_Your instructions_.
The data must be reproduced verbatim; images are to be omitted.

_Stored data_.
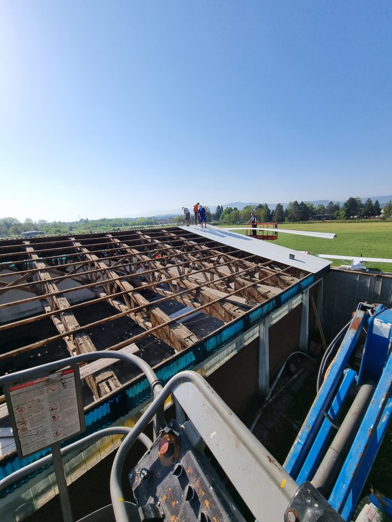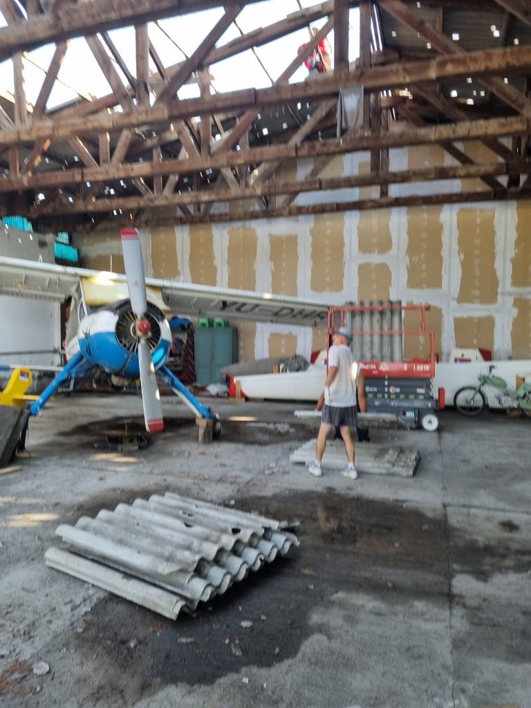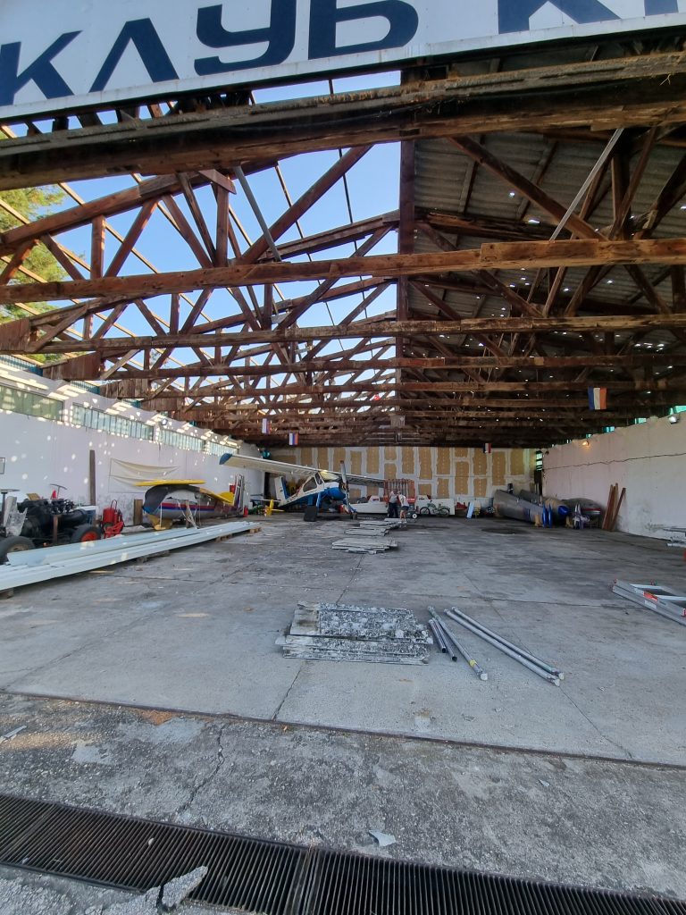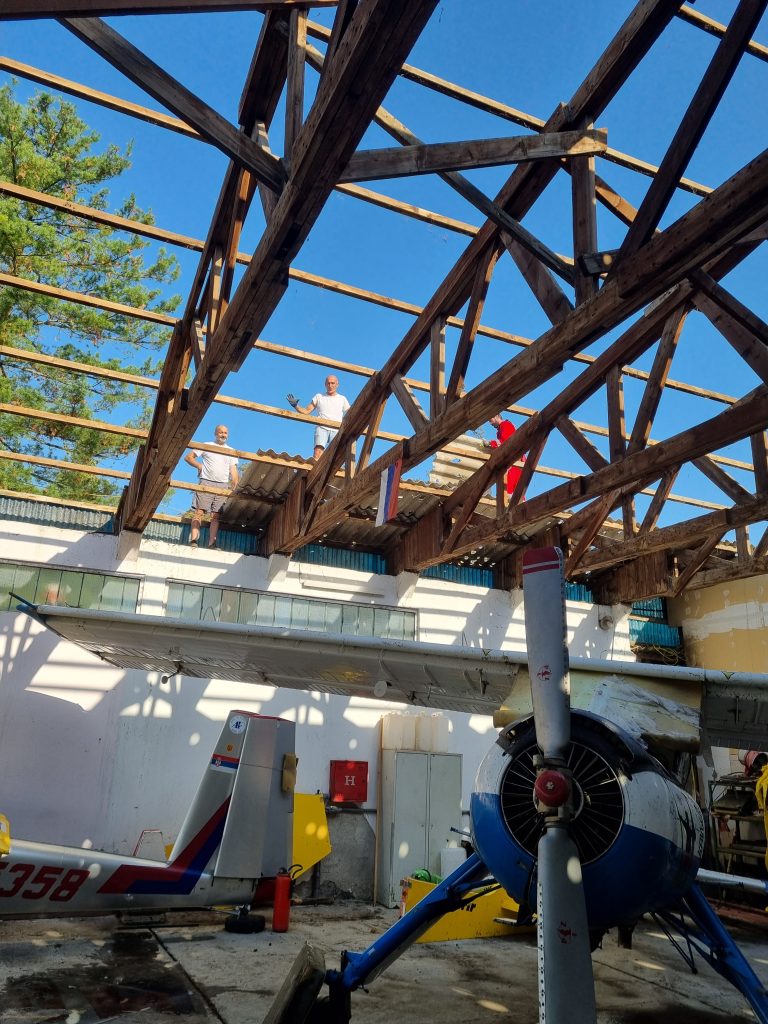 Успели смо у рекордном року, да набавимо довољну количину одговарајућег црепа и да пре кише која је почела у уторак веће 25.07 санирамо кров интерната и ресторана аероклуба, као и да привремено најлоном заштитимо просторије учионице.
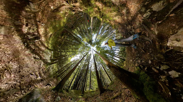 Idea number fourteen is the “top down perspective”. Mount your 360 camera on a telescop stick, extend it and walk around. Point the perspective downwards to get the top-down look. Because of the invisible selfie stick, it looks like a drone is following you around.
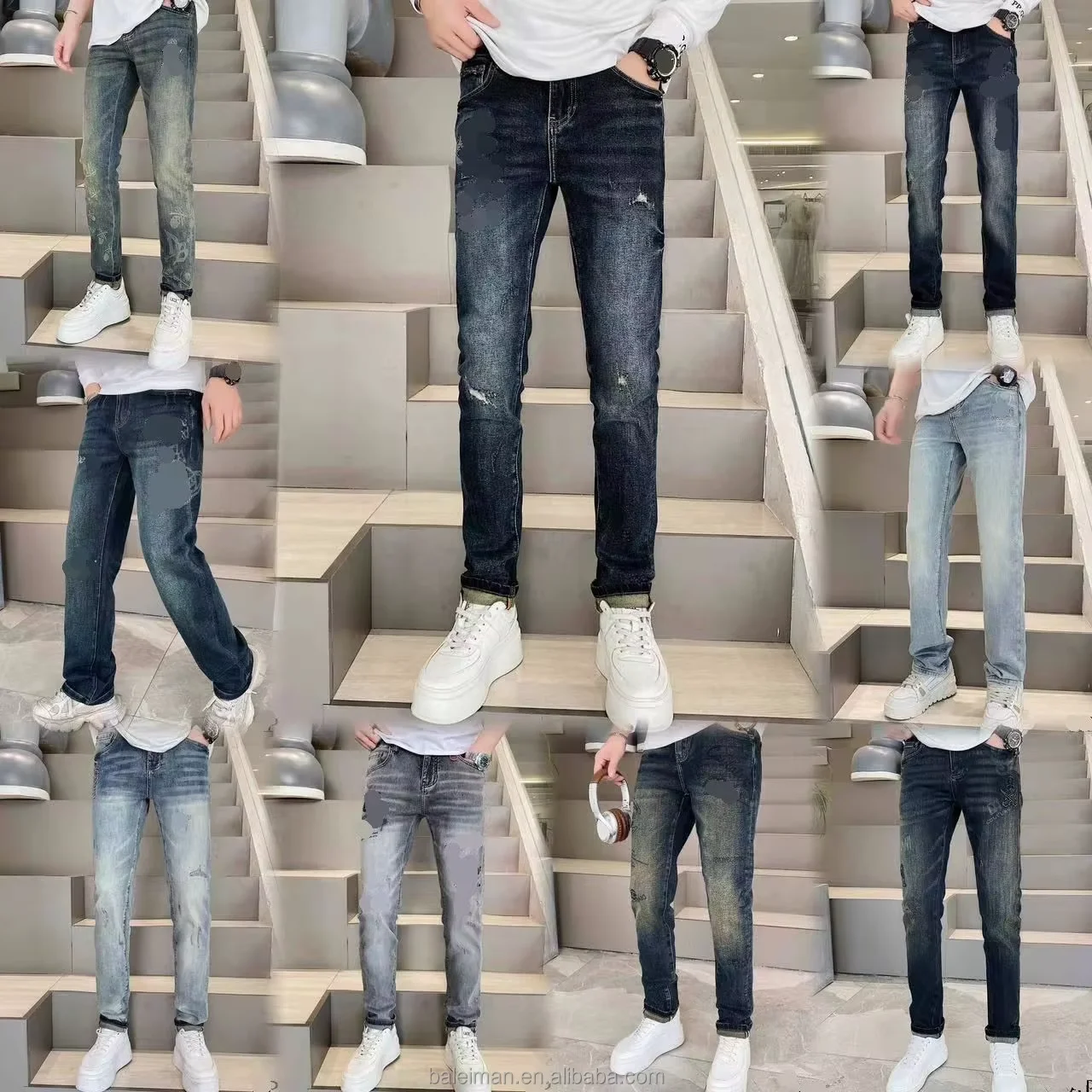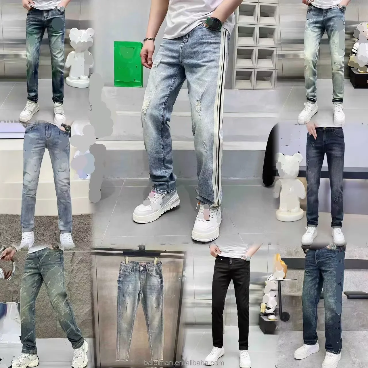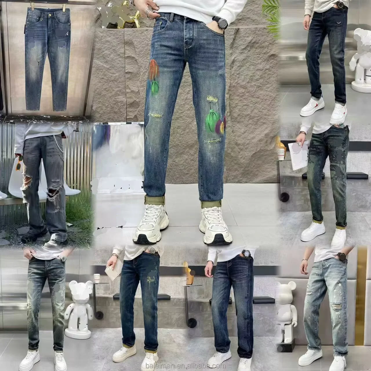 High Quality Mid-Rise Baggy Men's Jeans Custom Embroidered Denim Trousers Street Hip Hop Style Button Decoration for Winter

_Solution below_.
 Успели смо у рекордном року, да набавимо довољну количину одговарајућег црепа и да пре кише која је почела у уторак веће 25.07 санирамо кров интерната и ресторана аероклуба, као и да привремено најлоном заштитимо просторије учионице.
 Idea number fourteen is the “top down perspective”. Mount your 360 camera on a telescop stick, extend it and walk around. Point the perspective downwards to get the top-down look. Because of the invisible selfie stick, it looks like a drone is following you around.
 High Quality Mid-Rise Baggy Men's Jeans Custom Embroidered Denim Trousers Street Hip Hop Style Button Decoration for Winter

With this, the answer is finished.